When will the code for pre-training model and training BPE tokenizer be available? #74

Closed a-green-hand-jack closed 1 month ago

a-green-hand-jack commented 3 months ago

Dear Authors:

I noticed that you have not yet made public the code for pretraining the model and training the BPE Tokenizer. I am very interested in this aspect and would like to inquire when you plan to release this code.

Additionally, I would like to know the time it took for you to train the Tokenizer.
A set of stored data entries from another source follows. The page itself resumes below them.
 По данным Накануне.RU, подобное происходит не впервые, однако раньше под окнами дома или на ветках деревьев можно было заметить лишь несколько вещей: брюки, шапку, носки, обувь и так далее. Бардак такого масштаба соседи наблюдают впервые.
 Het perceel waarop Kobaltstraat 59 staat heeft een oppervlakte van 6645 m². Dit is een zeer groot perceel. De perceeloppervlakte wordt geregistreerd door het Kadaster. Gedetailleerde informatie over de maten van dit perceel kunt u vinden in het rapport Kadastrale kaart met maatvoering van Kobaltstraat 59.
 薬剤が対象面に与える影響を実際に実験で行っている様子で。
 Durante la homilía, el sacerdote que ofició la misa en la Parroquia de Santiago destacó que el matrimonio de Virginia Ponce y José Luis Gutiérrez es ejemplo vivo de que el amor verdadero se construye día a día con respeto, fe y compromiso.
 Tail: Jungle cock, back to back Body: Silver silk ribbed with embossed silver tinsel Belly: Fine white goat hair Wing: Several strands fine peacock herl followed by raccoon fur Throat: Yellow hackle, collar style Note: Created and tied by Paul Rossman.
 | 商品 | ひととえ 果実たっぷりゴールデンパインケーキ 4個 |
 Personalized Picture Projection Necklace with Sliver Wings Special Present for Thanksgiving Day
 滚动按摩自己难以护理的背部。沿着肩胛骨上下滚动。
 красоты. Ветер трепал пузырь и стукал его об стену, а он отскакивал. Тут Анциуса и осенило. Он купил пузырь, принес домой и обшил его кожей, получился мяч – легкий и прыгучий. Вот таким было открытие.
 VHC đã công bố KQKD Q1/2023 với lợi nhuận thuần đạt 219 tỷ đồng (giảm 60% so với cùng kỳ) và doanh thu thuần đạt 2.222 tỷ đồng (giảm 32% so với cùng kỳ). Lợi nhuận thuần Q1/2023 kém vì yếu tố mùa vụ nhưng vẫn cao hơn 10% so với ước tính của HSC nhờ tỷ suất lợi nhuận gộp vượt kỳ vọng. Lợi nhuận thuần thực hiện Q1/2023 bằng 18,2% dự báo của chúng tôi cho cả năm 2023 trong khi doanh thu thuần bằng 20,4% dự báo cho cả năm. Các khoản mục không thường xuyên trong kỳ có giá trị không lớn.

This information would help me understand your workflow and make necessary arrangements in my environment.

Thank you for your time and effort!

Zhihan1996 commented 1 month ago

Sorry for this super late reply!

Please refer to #76 for more information about pre-training.
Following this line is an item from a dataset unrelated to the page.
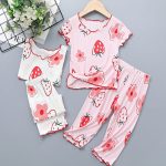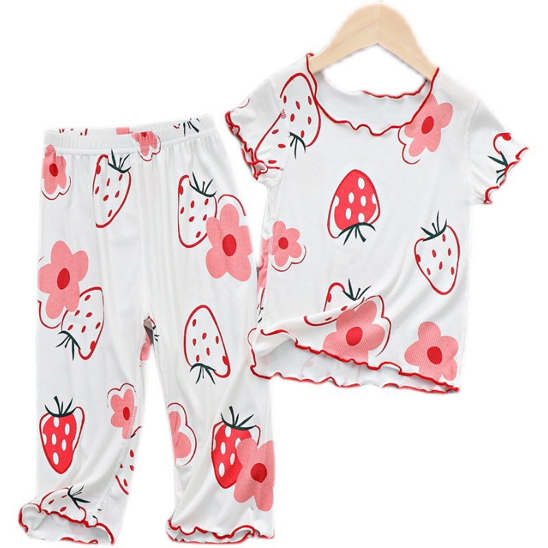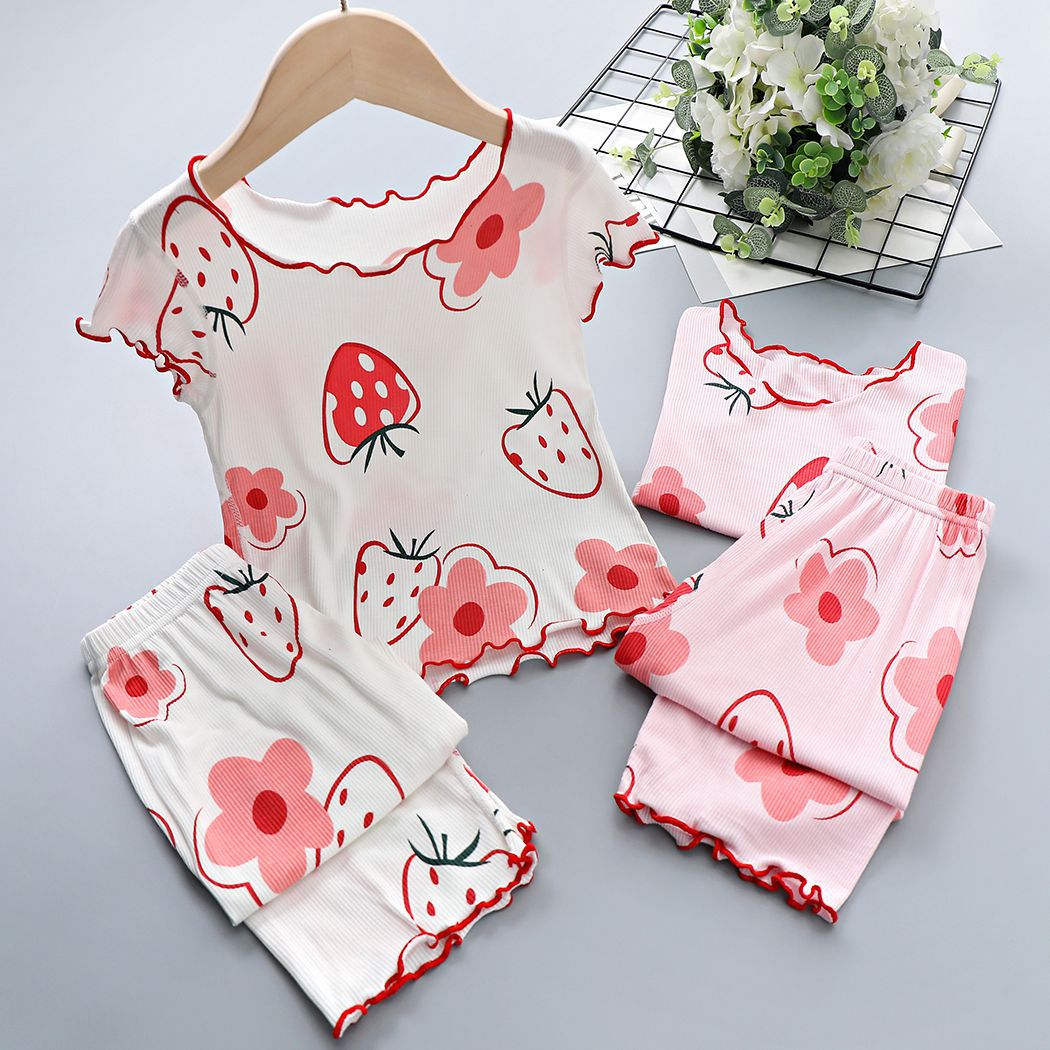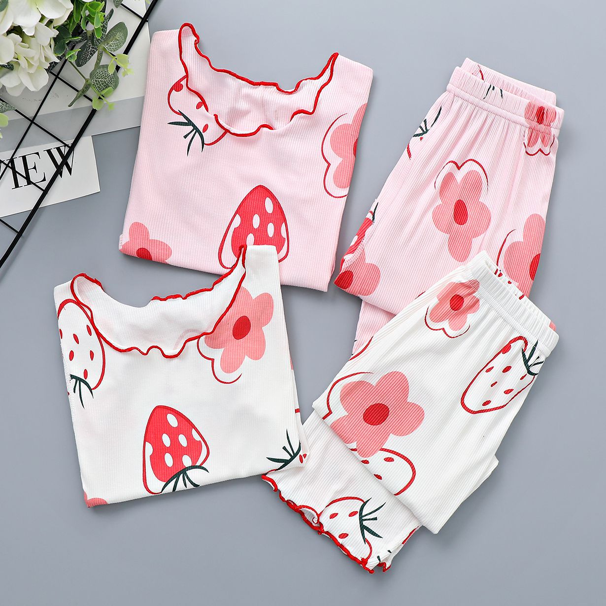 Children’s Clothing Ice Silk Summer Suit Big Children’s Home Air-conditioning Suit Cute Fashion Two-piece Girls’ Pajamas Baby Trendy

For the tokenizer training, please see this scripts.

import argparse
from tokenizers import Tokenizer
from tokenizers.models import BPE
from tokenizers.trainers import BpeTrainer
from tokenizers.pre_tokenizers import Whitespace
from tokenizers.processors import TemplateProcessing
import os
import glob
import json
from multiprocessing import Pool, cpu_count
from pathlib import Path

def main(args):
    # paths = [str(x) for x in Path('/home/zhihan/dnabert_xl/splits').glob('**/*.fa')]
    paths = ["/home/user/local-private-zhihan/data/DNABERT-2/tokenizer/train.txt"]
    postfix = "_multi"

    vocab_size = args.vocab_size
    tokenizer = Tokenizer(BPE(unk_token="[UNK]"))
    trainer = BpeTrainer(special_tokens=["[UNK]", "[CLS]", "[SEP]", "[PAD]", "[MASK]"], vocab_size = vocab_size, min_frequency=2)

    tokenizer.pre_tokenizer = Whitespace()
    tokenizer.train(paths, trainer)
    tokenizer.post_processor = TemplateProcessing(
        single="[CLS] $A [SEP]",
        pair="[CLS] $A [SEP] $B:1 [SEP]:1",
        special_tokens=[
            ("[CLS]", tokenizer.token_to_id("[CLS]")),
            ("[SEP]", tokenizer.token_to_id("[SEP]")),
        ],
    )

    print("train finish")

    tokenizer_dir = args.tokenizer_dir + str(vocab_size) + postfix
    if not os.path.exists(tokenizer_dir):
        os.makedirs(tokenizer_dir)
    tokenizer.save(os.path.join(tokenizer_dir, "tokenizer.json"))

    # generate and save tokenizer config
    tokenizer_config = {"tokenizer_class": "PreTrainedTokenizerFast", 
                        "unk_token": "[UNK]",
                        "cls_token": "[CLS]",
                        "sep_token": "[SEP]",
                        "pad_token": "[PAD]",
                        "mask_token": "[MASK]"}
    with open(os.path.join(tokenizer_dir, "tokenizer_config.json"), "w") as f:
        json.dump(tokenizer_config, f)

    # generate and save model config
    with open(os.path.join("data", "config.json"), "r") as f:
        model_config = json.load(f)
    model_config['vocab_size'] = vocab_size
    with open(os.path.join(tokenizer_dir, "config.json"), "w") as f:
        json.dump(model_config, f)

    print("tokenizer saved")